As much as I love to forget that I am not exactly the same as everyone else, I am often reminded. Some days can be tough and like everyone, some days at football I struggle. With no colon to absorb minerals I have to drink many litres of water the days I play and even at that dehydration can’t always be avoided. I honestly couldn’t tell you how many sachets of Dioralyte I’ve taken over the years. I have to choose carefully what I eat and get the timing of my meals right before all training sessions and matches. There is no real guarantee how effectively my food will be digested and so I usually eat a good 4-5 hours beforehand which can also leave me feeling weak and dizzy but I chose that rather than being full, sluggish and uncomfortable. There are times when the nausea and often pain associated with bloating is that bad that I wish I was just like everyone else. These thoughts are short-lived however and I get on with it and thankfully the discomfort always passes.

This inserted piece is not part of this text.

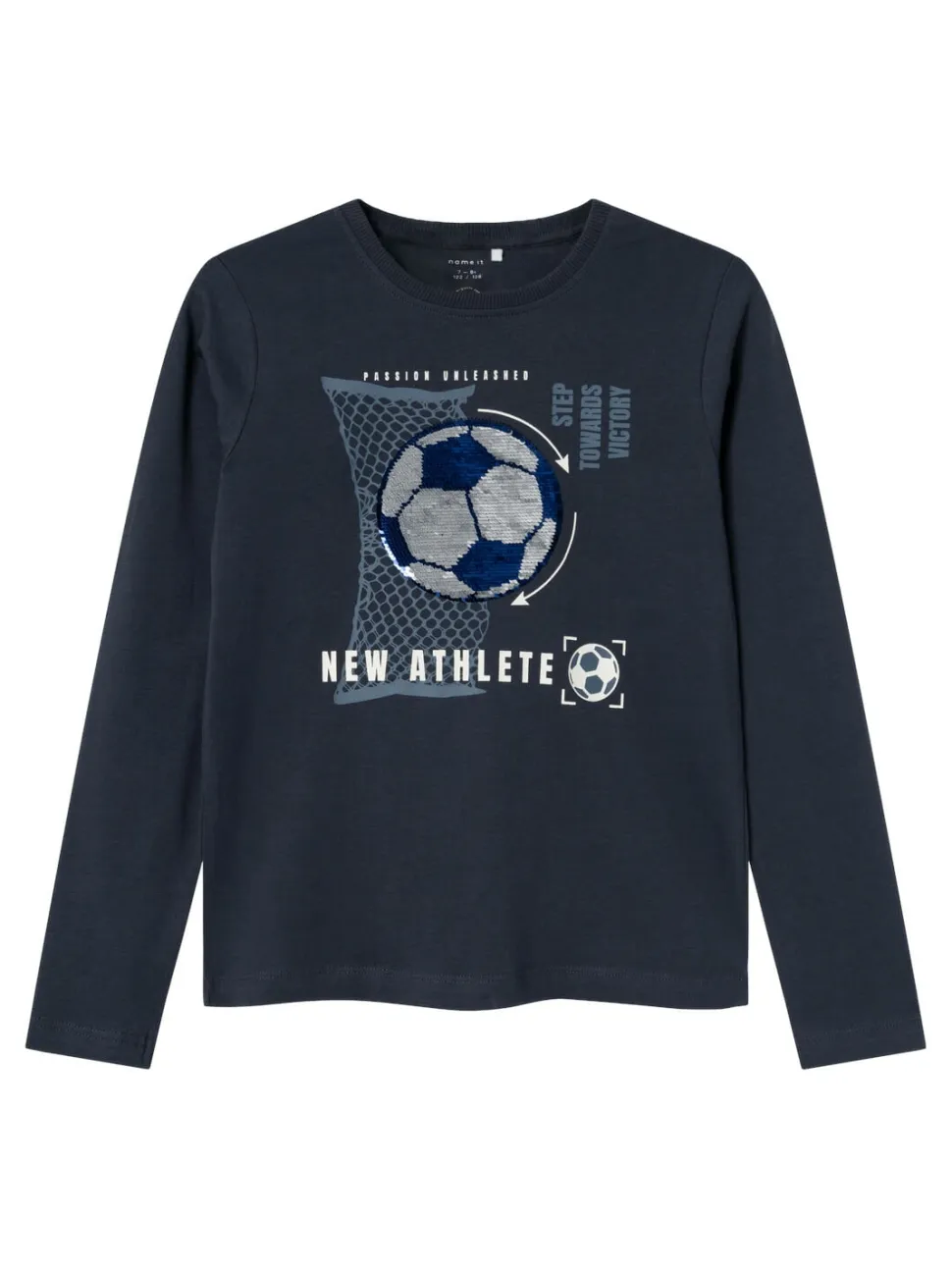 Name Itin jalkapalloteemainen pitkähihainen paita.

I received no guidance or information regarding returning to sport. I guess I pretty much winged it. I even found the guard I wear through a quick google search. They are actually provided by the NHS too. So I guess if I didn’t have a wing it personality or the reassurance that I was young and fit I probably wouldn’t have played sport again. There is little and also misleading information online. By fully recovering and gaining abdominal strength in the right way there should be no reason why people with ileostomies can’t return to contact sport. Many people message me for advice or to really just thank me for providing them with hope. With every new message request from someone young and going through the same thing as me it scares me that there is such a lack of awareness and understanding of Ulcerative Colitis and Crohn’s Disease as well as the chance of a normal life with an ileostomy. 3/10 people with Ulcerative Colitis need surgery. I hope that showing how my life isn’t far off a ‘normal’ person as people would assume, that it gives people the faith and courage they need to move forward with their life and continue to do the things they love. My brother Conor was unfortunately diagnosed with UC a few months after my operation. He self-injects a drug called Humira every 2 weeks to keep his disease under control. Although battling a chronic, auto-immune disease that affects a lot more than just the diseased colon he continues to play senior hurling and football and watching him on the pitch reminds me just how strong he is.
The ability to exercise and play sport is a privilege that many people take for granted. For people who have experienced injury, illness or disability exercise may be off the cards temporarily or permanently. It can be hard to see the light but better days are always ahead. It is okay to take your time, it is okay to ask for help and the best thing you can do is share how you’re feeling with people you trust.
It is now 3 years after surgery and we have reached a second county final since. To think that at one point in my life I had hung up my boots and Gaelic was the last thing on my mind is insane to me. Every time I put on the St. Brigid’s jersey I put it on with pride for my club, my team mates and also myself and the journey I’ve been on to get here.